This year marks the centenary of the conclusion of the First World War – the Armistice on 11/11, at 11.11 am, ending four years of carnage that had begun in 1914 when the “guns of August” first boomed across the European continent. Across the world, commemorations of this historic event have already begun or are in the process of taking place, particularly for the anniversary of Armistice Day (November 11), where bells will be rung all across continental Europe, and in particular, 3,000 bell towers in England, Scotland, Wales and Northern Ireland, to honour those who gave their lives in the Great War, “the war to end all wars.”
Back in India, however, the silence and muted commemorations, if at all, are likely to echo as piercingly as the bells that will toll in Europe.
In due fairness, this is not particularly new or surprising. After all, when the world commemorated the 50th anniversary of the culmination of the First World War in 1964, there was scarcely a mention of India’s soldiers anywhere, least of all in India.
But India’s absence from the commemorations, as well as its failure to honour the dead, was not a surprise. Nor was the lack of First World War memorials in the country: the general feeling was that India, freshly freed from the imperial yoke, was ashamed of its soldiers’ participation in a colonial war and saw nothing to celebrate.
The British, on the other hand, were unabashed. They commemorated the war by constructing the triumphal arch known as India Gate in New Delhi. Built in 1931, India Gate is a popular monument, visited by hundreds daily, few of whom have any idea that it commemorates the Indian soldiers who lost their lives fighting in the war.

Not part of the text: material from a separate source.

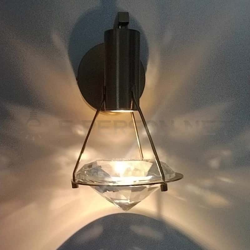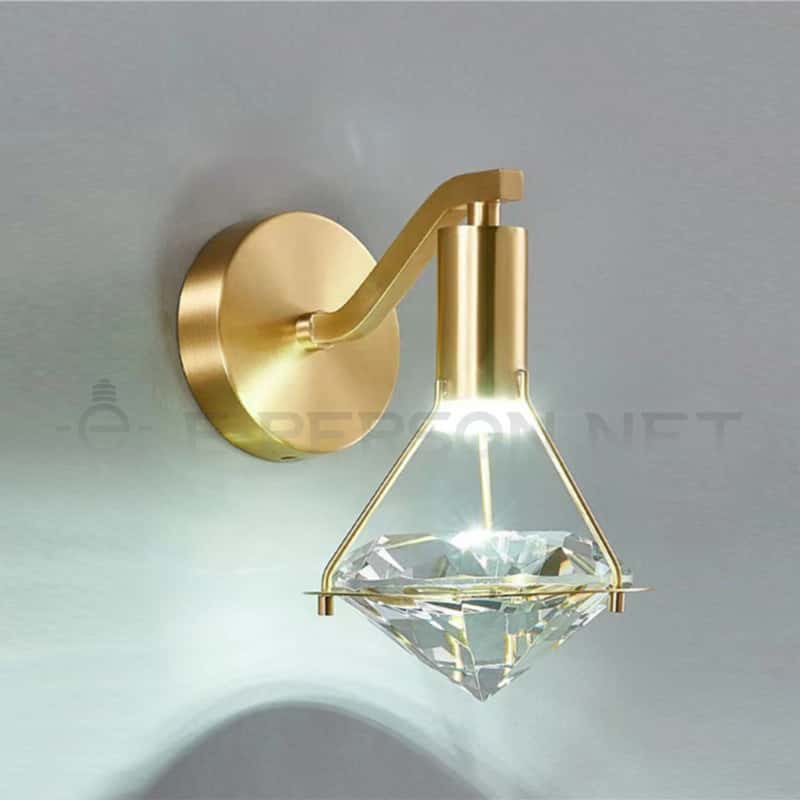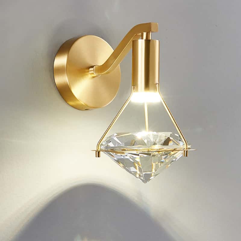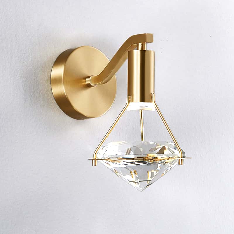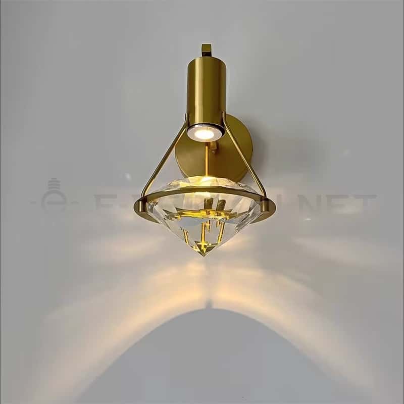 This modern luxury wall lamp features a geometric crystal shade combined with a brushed gold metal backplate, delivering a premium and elegant aesthetic for high-end interiors.

Indeed, historical amnesia about the First World War is pervasive across India.
It is now well known that though the war undoubtedly took the flower of Europe’s youth to their premature graves, it also involved soldiers from faraway lands who had little to do with Europe’s bitter traditional hatred.
Part of the reason is precisely that they were not fighting for their own country. The soldiers were all volunteers: soldiering was their profession. They served the very British Empire that was oppressing their own people back home.
Mahatma Gandhi, who returned to his homeland for good from South Africa in January 1915, supported the war, as he had supported the British in the Boer War. India was wrecked by high taxation – and the high inflation accompanying it – to support the war, while the disruption of trade caused by the conflict led to widespread economic losses. All this while the country was reeling from a raging infuenza pandemic – the 1918-’19 Spanish flu was the most devastating in history, with estimates of global mortality ranging from 20 to 50 million, and the focal point of the pandemic was India, with an estimated death toll of between 10 and 20 million. Poverty, disease and suffering all worsened in India during these years.